The “reality of modern Israel” is noticeably absent from Lerman’s lengthy screed. For one thing, many of his claims about anti-democratic trends in Israel are overblown. True, rightwing lawmakers have tried to silence Israel’s robust NGO sector, and attacks on Arabs are a troubling sign of intolerance. But Lerman barely mentions the Israelis who have successfully defended free speech, or who denounce racism and support the rights of Israeli Arabs. He sees the demise of Israel’s Left as irreversible, when history reminds us that Israeli opinion will swing dramatically in response to Arab leaders willing to make bold moves in favor of coexistence.

Also missing from his description of “modern Israel” is, well, Israelis. The subjects of his analysis are nearly all Diaspora institutions and individuals: pro-Israel outfits like AIPAC, J Street, and the Anti-Defamation League, and pundits like Peter Beinart and Thomas L. Friedman. Israel emerges not as a country of seven million souls but a debating point for us Diaspora Jews.

By failing to acknowledge the forces that have pushed Israelis to the right, or even acknowledging how it is Israelis who will endure the consequences of their decisions, articles like Lerman’s seem to suggest that Israel’s purpose is to make Diaspora Jews feel good about themselves. And in dwelling on the authors’ own disaffection, they ignore the political movements and individuals in Israel itself who are trying to counter the ascendant Right.

Among those are the Israel Democracy Institute, a think tank that tirelessly promotes religious tolerance and democratic values. This month, IDI convened dozens of Jewish and Arab thought leaders, who issued an emergency statement calling on authorities to act forcefully “against racist acts and racist incitement.” Most recently IDI called for an independent and transparent Israeli commission to investigate alleged violations of the international laws of war — to get at the truth and to forestall an international investigation that could put Israeli sovereignty and security at risk.

The New Israel Fund is based in the United States but exists to support Israeli NGOs that promote civil and human rights, religious pluralism, and social and economic justice. During the war its grantees include organizations that help Israelis living under threat of rocket attacks, that work to ease tensions between Jews and Arabs, and that protect free speech or monitor behavior of the police or the military.
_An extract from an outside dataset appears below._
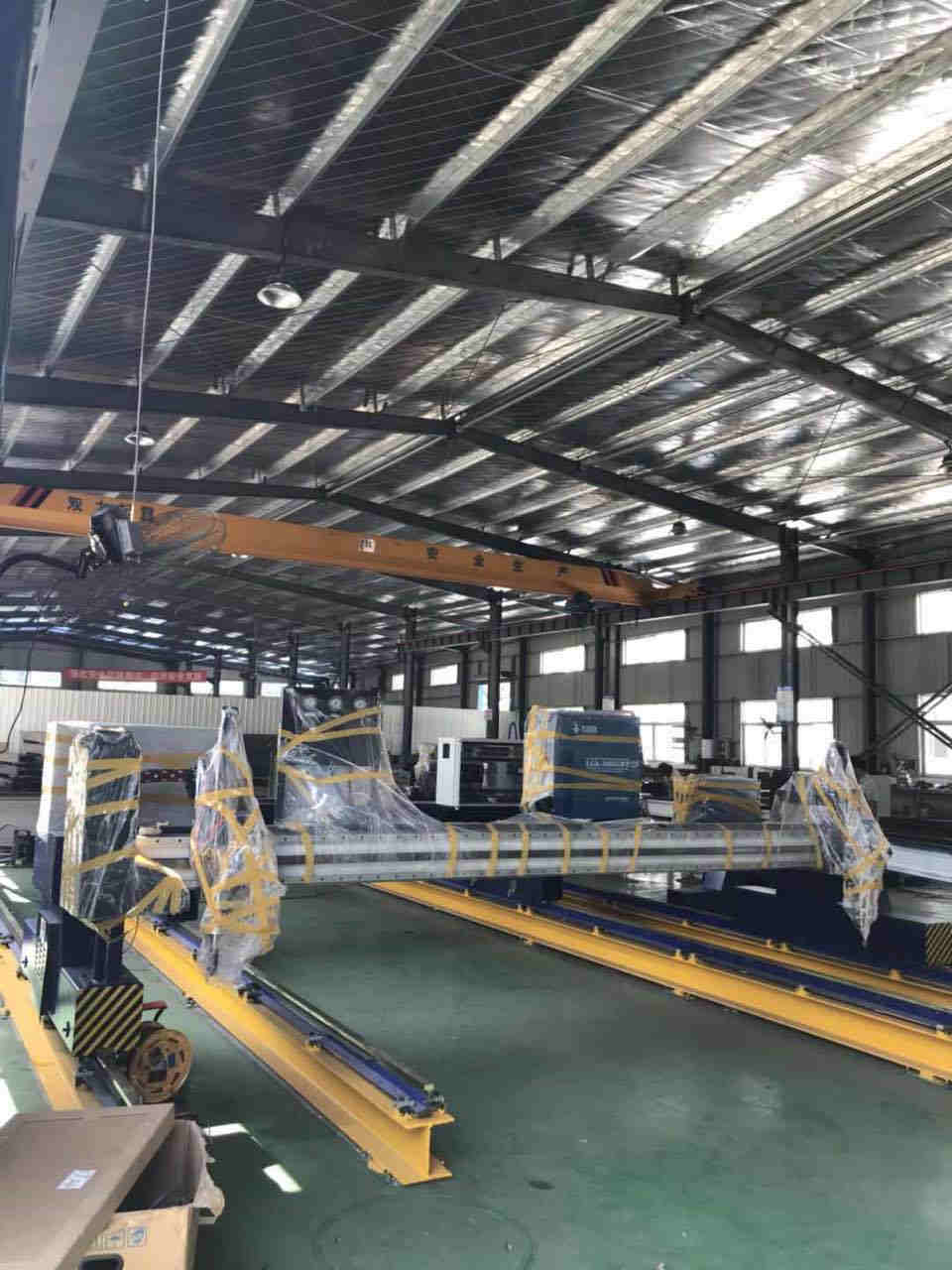 机床台车由钢板及型钢组焊而成,经整体淬火消除应力。台车与横梁的结合面及下平面严格按技术要求经机床加工,保证横梁与台车装配的90度角,确保机床的切割精度。

Jewish federations, including the Jewish Federation of Greater Metro- West NJ, regularly promote religious pluralism in Israel, either by helping to establish Reform or Conservative congregations, funding pluralistic schools, or meeting with politicians to promote equitable treatment of religious denominations.

The list goes on: Rabbis for Human Rights, Givat Haviva’s Jewish-Arab Center for Peace, Seeds of Peace, Shalom Hartman Institute, the Masorti and Reform movements….
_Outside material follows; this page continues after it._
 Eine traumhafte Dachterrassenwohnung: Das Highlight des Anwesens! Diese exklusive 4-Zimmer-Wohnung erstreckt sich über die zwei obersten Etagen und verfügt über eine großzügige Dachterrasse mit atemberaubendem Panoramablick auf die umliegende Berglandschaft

A number of these organizations are struggling of late, or have been attacked as either too critical of Israel or too “liberal” for Israeli society. But all represent a “romantic Zionist ideal” that places Israel comfortably within the traditions of — and often miles ahead of — other Western democracies.

Liberal Zionists need to stop whining about how they feel about Israel, and, assuming they really care, work to assist the indigenous institutions fighting for their values. Otherwise, they’re not Zionists — they’re quitters.